Posted by: FRegistryTerrorists | Jul 8, 2015 9:22:24 AM

FRegistryTerrorists

When you know all the facts, then you can correct me. Sex Offender is the proper term.

We can haggle over semantics when the law get changed.

Posted by: Book38 | Jul 8, 2015 1:54:02 PM

Book38 | Jul 8, 2015 1:54:02 PM: Please tell all of us the facts that we need to know in order to determine if it is accurate to call people who are listed on a Sex Offender Registry "sex offender". Then all of us will know enough in order to "correct" you or not. In the meantime, I will more fully explain my point.

Let's presume that you told a lie a couple of decades ago. At that time, I could accurately call you "liar", right? Do you tell lies today?
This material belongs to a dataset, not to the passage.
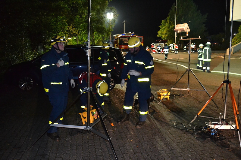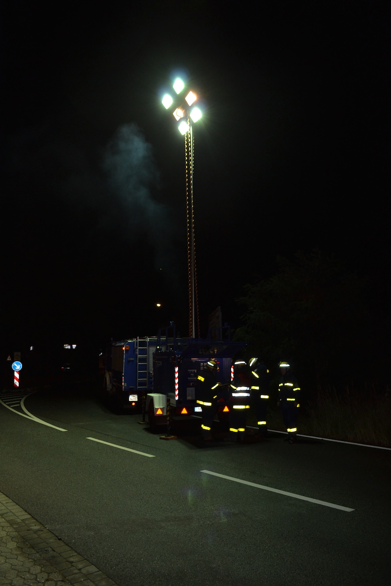 Die Fachgruppe Beleuchtung des THWs baute ihren Lichtmastanhänger auf, sodass die Einsatzstelle komplett ausgeleuchtet wurde und die Einsatzkräfte sicherer arbeiten konnten. Zudem wurden an einzelnen Punkten des Geländes mehrere HQI Scheinwerfer zur weiteren Ausleuchtung aufgestellt.

Let's presume not. So can I call you "liar" today? Is that okay with you? How about if I call you "liar" for the rest of your life? Based on your use of "sex offender", I assume that you are okay with that. Or, do you need a nanny big government to create a website with your picture on it, along with the pictures of a bunch of other liars, and say "these people are liars"? Then all of us can call you "liar"?
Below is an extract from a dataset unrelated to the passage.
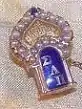 The badge of Sigma Lambda Pi was in the shape of an arch with a crown surmounting it.[2] The arch had seven pearls, the crown ten pearls, and there was a sapphire at the top.[2] The badge's exposed gold was nugget finished, and the letters were gold on a background of gold.[2] The fraternity's colors were sapphire blue and gold.[2] Its motto was "Dum Vivimus Fratres Vivamus" whose English translation is "while we live, let us live as brothers".[2] Its flower was the Carnation.[4]
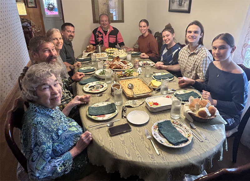 At about 20 after 12 noon, we gathered the family at the table with thankful and prayerful hearts for all the great blessings the Lord has provided. Rod gave a brief reflection on our blessings and then a prayer of thanksgiving for our family and for the food and fellowship we were privileged to enjoy.

The problem with "sex offender" is that it is an extremely pejorative term that is used by the terrorists who support the Sex Offender witch hunt. They use it in all of their propaganda. I'm sure you've heard one of their favorite lies of "once a sex offender, always a sex offender". Calling listed people "sex offender" supports that lie. People who are listed on a Sex Offender Registry are not "sex offenders", they are people who are listed on a nanny big government list.

We are in a war with terrorists. Words matter. People who call other people names (like "sex offender") open themselves up to being called pretty much anything.

Posted by: FRegistryTerrorists | Jul 9, 2015 8:19:06 AM

I am not in agreement with the individual who believes those who support the Sex Offender registry are terrorist. They do however align themselves with those who burned witches, jailed communist, and cried crucify Him. Being fearful and having poor information, about those on the registry, has brought out hatred in many of us. Unfortunately, I have walked more than a mile on both sides. We are all in need of the Grace of God to forgive and love each other.
To those on the registry, right or wrong, it is what it is. To those who were not placed on this list, you are on another list with us. Sinners needing love and forgiveness. I love and forgive you. Please allow me to worship with you.